Mural () is a 2011 Chinese film co-written, co-produced and directed by Gordon Chan, which stars Deng Chao, Sun Li, Yan Ni, Collin Chou, Zheng Shuang and Eric Tsang. It is directed by the same director who directed Painted Skin (2008). Both stories are drawn from Pu Songling's (1640–1715) collection of supernatural tales Strange Stories from a Chinese Studio.

Plot

Mural tells the story of Zhu Xiaolian, a poor scholar who travels to the capital to take an examination accompanied by his servant. Along the way they capture a thief. The thief, trying to escape, enters a temple.

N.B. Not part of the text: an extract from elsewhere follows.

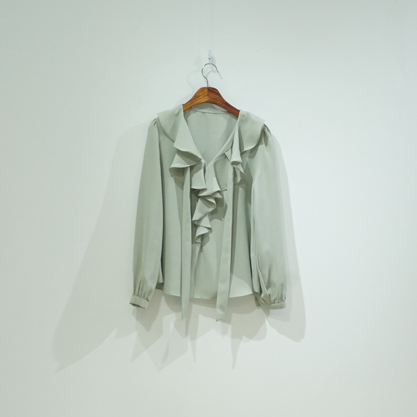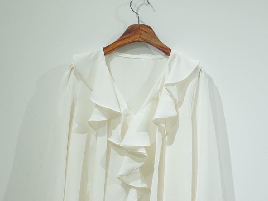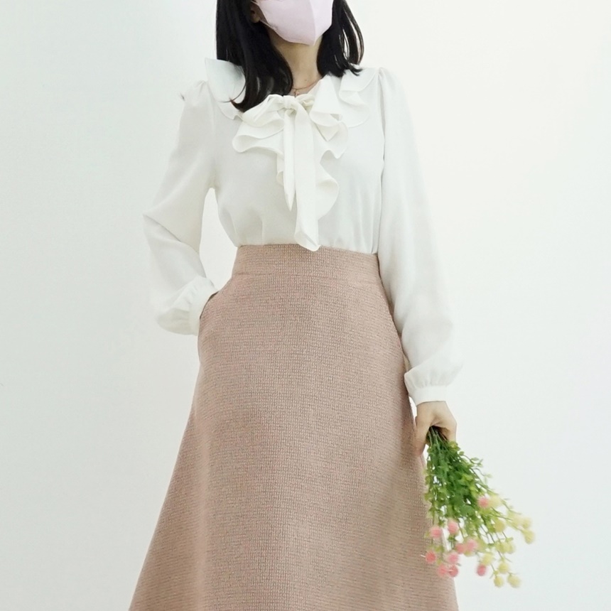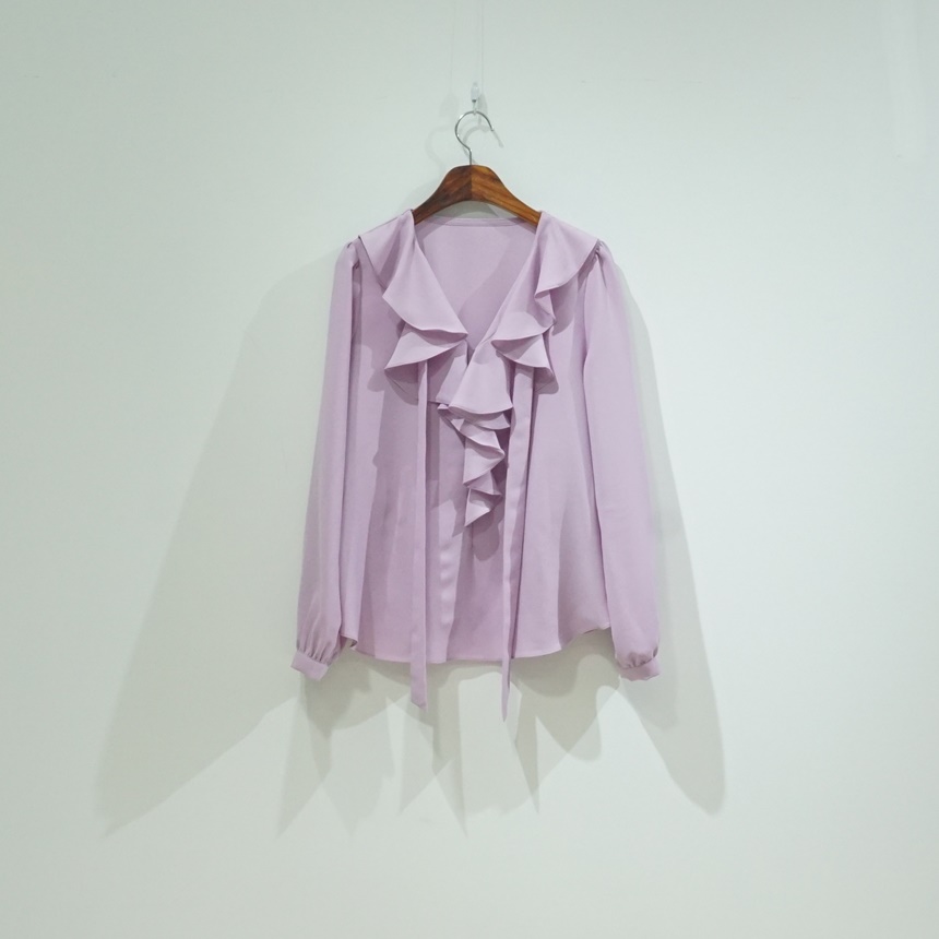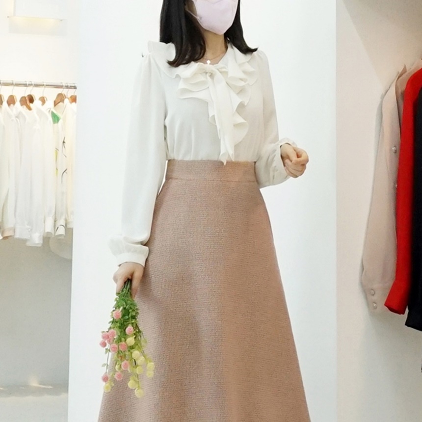 로맨틱 프릴 러플 리본 타이 쉬폰 블라우스

While taking a break Zhu becomes distracted by a mural and enters into the fantasy land of fairies. He meets the fairies and encounters love and hate. Due to the strict regulations of no man being allowed in the fairy land created by the queen fairy, a war breaks out to drive the men away.

Cast
 Deng Chao as Zhu Xiaolian
 Sun Li as Shaoyao
 Yan Ni as The Aunt
 Collin Chou as Meng Longtan
 Zheng Shuang as Mudan
 Eric Tsang as Monk Budong (guest star)
 Andy On as Golden Warrior
 Monica Mok as Ding Xiang
 Ada Liu as fairy Yunmei
 Bao Wenjing as Baihe
 Xia Yiyao as Xuelian
 Bao Beier as Hou Xia, Zhu's servant
 Du Shiwu as housekeeper
 Xie Nan as Fairy Cuizhu

Theme music
The title song for the movie is also named "Mural". The singers are Deng Chao and Betty Sun.

Accolades
Zheng Shuang won the Best New Actress award at the Hong Kong Film Directors' Guild Award for her performance.

Trivia
Deng Chao and Betty Sun who played the roles of hero and heroine in the movie was in fact married in 2010, shortly before the movie was filmed. The couple's first child was born in 2011, shortly after the movie was released.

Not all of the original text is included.